I'm with Lisbeth on this one.  I too worked in financial for a long time.  I have no love for the people at the top of the financial world, but letting them twist slowly in the wind would be cutting off our nose to spite our face.

Think of this as Enron only it's the entire US financial system.  Enron's game worked as long as long as the markets believed that their financial assts were accuratly valued and continued to lend money to keep the game going.  The collapsed happened when someone woke up and realized that there were no markets for their long term oil futures contracts and thus no value to them.  Enron very quickly collapsed when they were no longer able to raise capitol and keep the ball rolling.

That's very much like what's happening in US credit markets now.  The toxic waste tranches of the mortgage suddenly had no value and many financial institutes, like WaMu, were no longer credit worthy.  I think the Administration hoped that the markets would work themselves out slowly over a period of time or at least until Bush was no longer there to blame it on.  Alas, they were wrong. 
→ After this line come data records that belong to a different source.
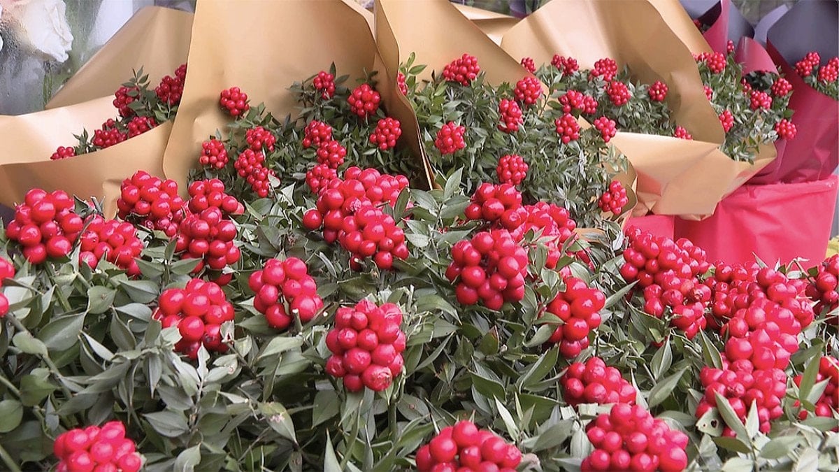İki farklı bitkinin bir araya getirilmesiyle hazırlanan çiçek, özellikle yeşil yaprakları üzerinde yer alan kırmızı meyvesinin verdiği renkle hemen her yaştan insanın dikkatini çekiyor.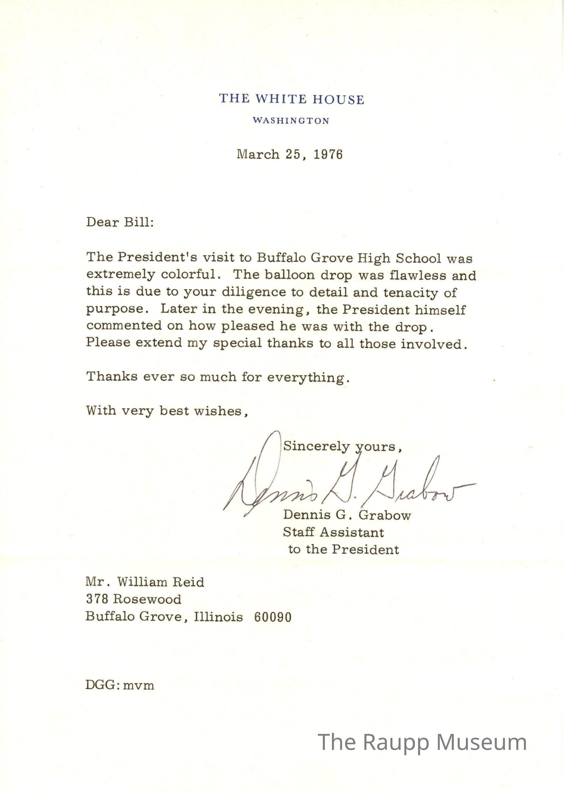 One (1) letter on White House letterhead to Mr. William Reid from Dennis G. Grabow, Staff Assistant to the President. A thank you note regarding President Gerald R. Ford's visit to Buffalo Grove High School. The letter compliments the balloon drop. Letter is typed with an hand-signed ink signature.Archive Details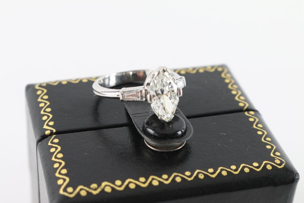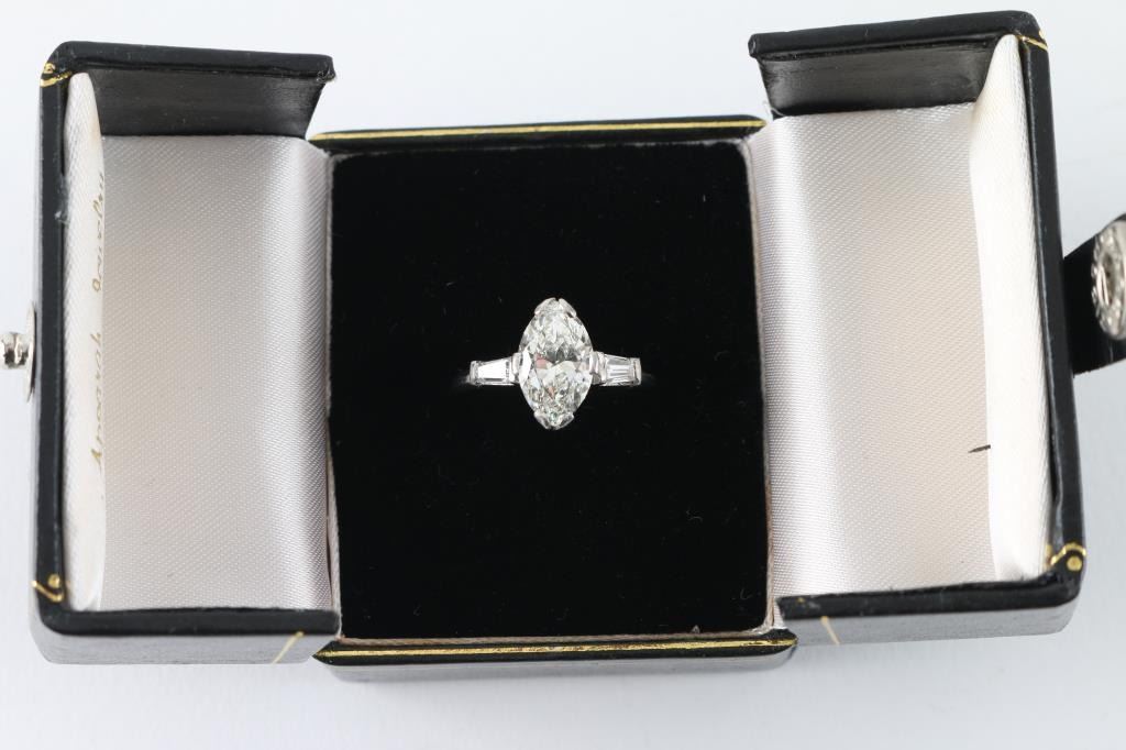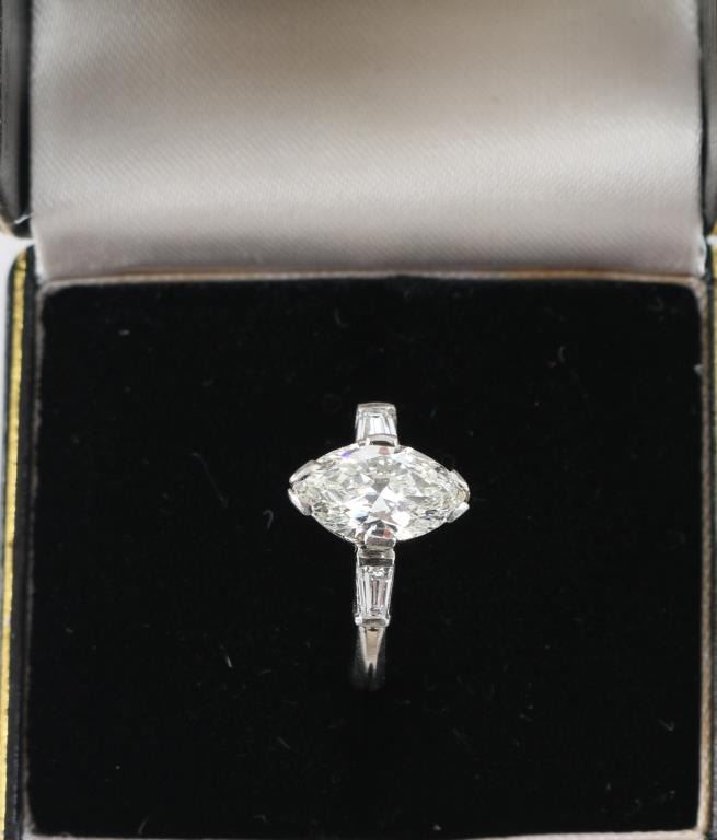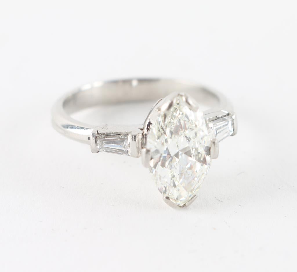 Approx 2.5CT, eye color, VS1 clarity, set in 14K white gold mount. With two accenting tapered baguettes, approx .15 each. ( .3 total) and older cut in nice marquis diamond, included is an examination report, by Jim Lamerson, estimated replacement value is $26,417

Bear Sterns is a player that I especially loath as they were duplicitous cheating bastards!  But what they really did wrong was get too far out in front of the curve.  Hedge funds, the source of their demise are designed to perform inversely to the market.  They were right about the market direction, they just thought the shock would come sooner than it did.

If we did nothing the markets would eventually right themselves but it would be over a period of several years accompanied by general economic decline.  "In the long run we're all dead" JM Keyenes

So, I agree that $700 billion blank check in the hands of Paulson is way to much and in fact, one of the proposals, $250 billion with Congressional oversight and Federal guarantees (insurance) of bank debt sounds pretty good.  Especially if it's accompanied with relief for beleaguered homeowners.

Some of the time I miss that game.

Posted on: 26 September 2008, 18:44:50
Quote from: Nichole on September 25, 2008, 02:06:20 PM
No one is going to blame you for what you used to do, Liz. But what do you suppose the world did commercially before the Kn ights Templar and the Medicis and Fuggers? Was there no commerce at all then? Did no one earn a living?


Are you suggesting a return to feudalism?  Lisbeth mentioned land based wealth in the medival world and it's important to note that people were part of the land.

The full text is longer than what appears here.